Research Weekly - Benefits of a Slowing Job Growth Rate
Utah has one of the lowest unemployment rates in the nation at 3.4%, which is an indicator of a strong economy. However, a low unemployment rate does bring its own economic development challenges. Many Utah companies struggle to find qualified labor because our unemployment rate is so low. A higher unemployment rate in the 4.0% to 4.5% range would likely provide Utah companies better access to needed labor while also providing the unemployed with job opportunities at competitive wages.

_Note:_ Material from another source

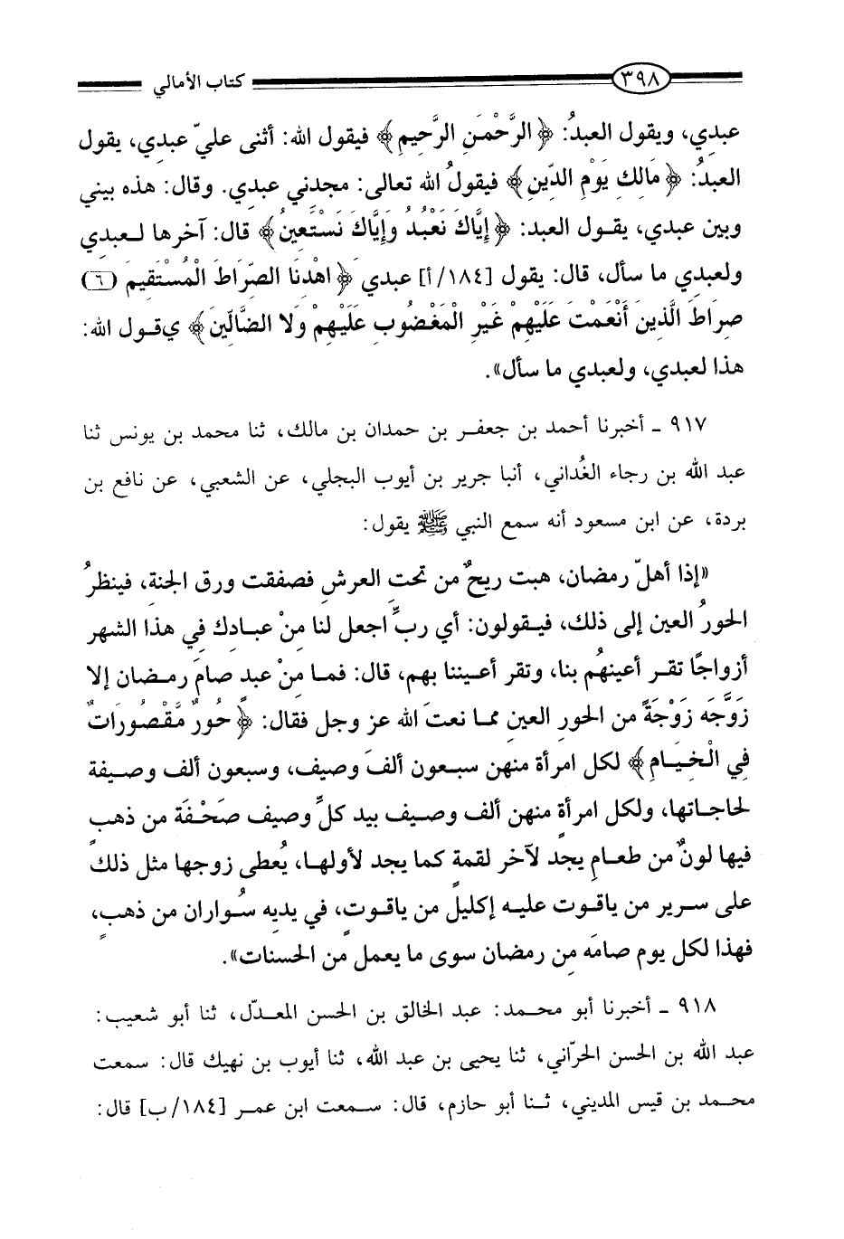 918 - أَخْبَرَنَا أَحْمَدُ بْنُ جَعْفَرِ بْنِ حَمْدَانَ بْنِ مَالِكٍ، ثنا مُحَمَّدُ بْنُ يُونُسَ، ثنا عَبْدُ اللَّهِ بْنُ رَجَاءٍ الْغُدَانِيُّ، أنبا جَرِيرُ بْنُ أَيُّوبَ الْبَجَلِيُّ، عَنِ الشَّعْبِيِّ، عَنْ نَافِعِ بْنِ بُرْدَةَ، عَنِ ابْنِ مَسْعُودٍ، أَنَّهُ سَمِعَ النَّبِيَّ صَلَّى اللَّهُ عَلَيْهِ وَسَلَّمَ يَقُولُ: " §إِذَا أَهْلِّ رَمَضَانُ، هَبَّتْ رِيحٌ مِنْ تَحْتِ الْعَرْشِ فَصَفَقَتْ وَرَقَ الْجَنَّةِ، فَيَنْظُرُ الْحُورُ الْعِينُ إِلَى ذَلِكَ، فَيَقُولُونَ: أَيْ رَبِّ، اجْعَلْ لَنَا مِنْ عِبَادِكَ فِي هَذَا الشَّهْرِ أَزْوَاجًا تَقَرُّ أَعْيُنُهُمْ بِنَا، وَتَقَرُّ أَعْيُنُنَا بِهِمْ، قَالَ: فَمَا مِنْ عَبْدٍ صَامَ رَمَضَانَ إِلَّا زَوَّجَهُ زَوْجَةً مِنَ الْحُورِ الْعِينِ مِمَّا نَعَتَ اللَّهُ عَزَّ وَجَلَّ فَقَالَ: {حُورٌ مَقْصُورَاتٌ فِي الْخِيَامِ} [الرحمن: 72] لِكُلِّ امْرَأَةٍ مِنْهُنَّ سَبْعُونَ أَلْفَ وَصِيفٍ، وَسَبْعُونَ أَلْفَ وَصِيفَةٍ لِحَاجَاتِهَا، وَلِكُلِّ امْرَأَةٍ مِنْهُنَّ أَلْفَ وَصِيفٍ بِيَدِ كُلِّ وَصِيفٍ صَحْفَةٌ مِنْ ذَهَبٍ، فِيهَا لَوْنٌ مِنْ طَعَامٍ، يَجِدُ لِآخِرِ لُقْمَةً كَمَا يَجِدُ لِأَوَّلِهَا، يُعْطَى زَوْجُهَا مِثْلَ ذَلِكَ عَلَى سَرِيرٍ مِنْ يَاقُوتٍ، عَلَيْهِ إِكْلِيلٌ مِنْ يَاقُوتٍ، فِي يَدَيْهِ سِوَارَانِ مِنْ ذَهَبٍ، فَهَذَا لِكُلِّ يَوْمٍ صَامَهُ مِنْ رَمَضَانَ، سِوَى مَا يَعْمَلُ مِنَ الْحَسَنَاتِ "

While Utah’s unemployment rate has shown little signs of increasing to this hypothetical ideal, Utah’s job growth rate has been decreasing, and a lower job growth rate will facilitate higher unemployment. Though this would be devastating in times of recession, it may catalyze more local growth by providing employers the ability to hire and expand within the state.
But don’t we want high job growth? While a high job growth rate is great in the short-term, a slightly lower long-run sustainable job growth rate provides stability and reliability. Utah’s decreasing job growth rate may be showing signs that Utah’s job market is stabilizing.
As EDCUtah promotes Utah to companies looking to move to Utah, we always highlight Utah’s economic strengths. This is one more way EDCUtah can show that Utah has the right economic environment for any business.